Weinstein’s vehemence on this topic is like how Juanita Broderick campaigned hard for Trump. I don’t blame her for her anger toward Hillary, but that doesn’t mean she gave anyone any good reasons to vote for Trump. That’s her (justifiable!) desire for revenge talking. In other words, she’s biased.

Why don't you look up which logical fallacy you are making here in that list of yours? I'll give you a hint: assuming that a possible explanation for something is automatically true because it fits your narrative. What has Bret Weinstein said that makes his view questionable? If someone else, not related to Evergreen, stated the same statements, would they be reliable?
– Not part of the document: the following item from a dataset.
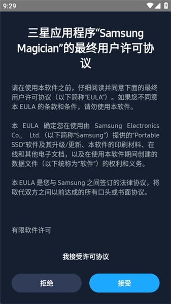2、进入软件后,接受相关的许可协议。

I can think of plenty of selfish reasons for anyone to strive for social justice, do charity work, or for you to comment on Goodreads. That doesn't make it truth.
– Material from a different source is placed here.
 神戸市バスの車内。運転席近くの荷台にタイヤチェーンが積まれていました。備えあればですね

So again I'm asking: what has Bret Weinstein said in this video that is not true? Is it not true that white students weren't allowed to sit or eat, and were told to serve students of color? How teachers weren't allowed to use hand gestures because they are micro-aggressions?
Here are some more, serious questions:
- The students at Evergreen talked about social justice, white privilege, white guilt, microaggressions; pretty much the same talking points as people like Ijeoma Oluo for example. Do you think the students' behavior was acceptable? If not, where do you draw the line?
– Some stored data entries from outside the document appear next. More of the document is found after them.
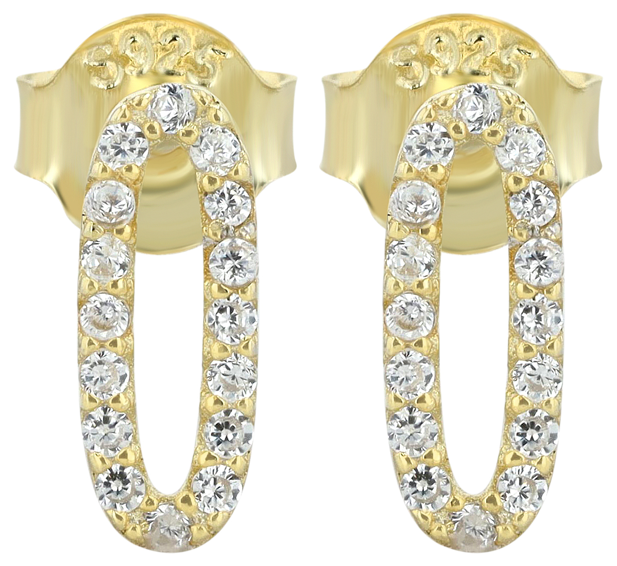 Productinformatie ""Olga" 925/- echt zilveren oorbellen - ovaal, zirkoon, verguld"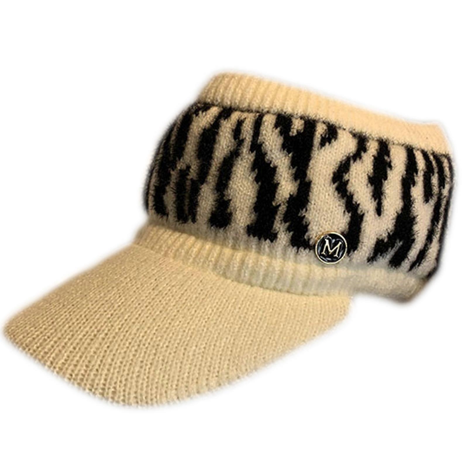 Striped Empty Peaked Cap Knit Baseball Cap Letter for M Duck Tongue Hat for Xmas New Year Thanksgiving Valentine's Day White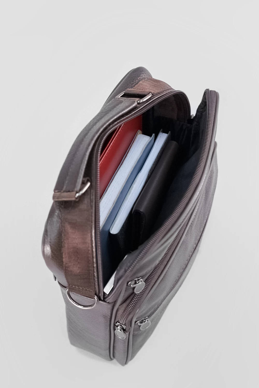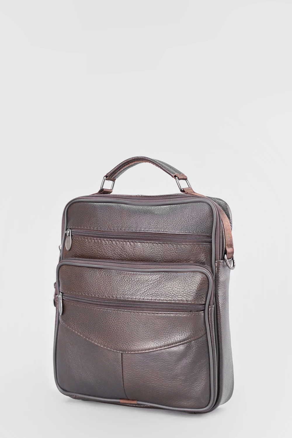 Мужская сумка через плечо из натуральной кожи коричневого цвета. Одно просторное отделение на молнии, четыре внешних кармана. Универсальная модель для городских прогулок и деловых встреч.● внешние карманы на замке для мелочей

- What is someone supposed to do, in terms of actions, with their privilege? I'm talking day-to-day actions, not thoughts.
- A white male who is offered a job, while the other candidate was a black woman. The department consists mainly of other white men. Should the male accept the job?
- Is it okay for Harvard to reject Asian students in order to achieve more diversity, even though those students are better qualified?
- If intersectionality is real, which characteristics of a person are relevant to determine their privilege? Why those?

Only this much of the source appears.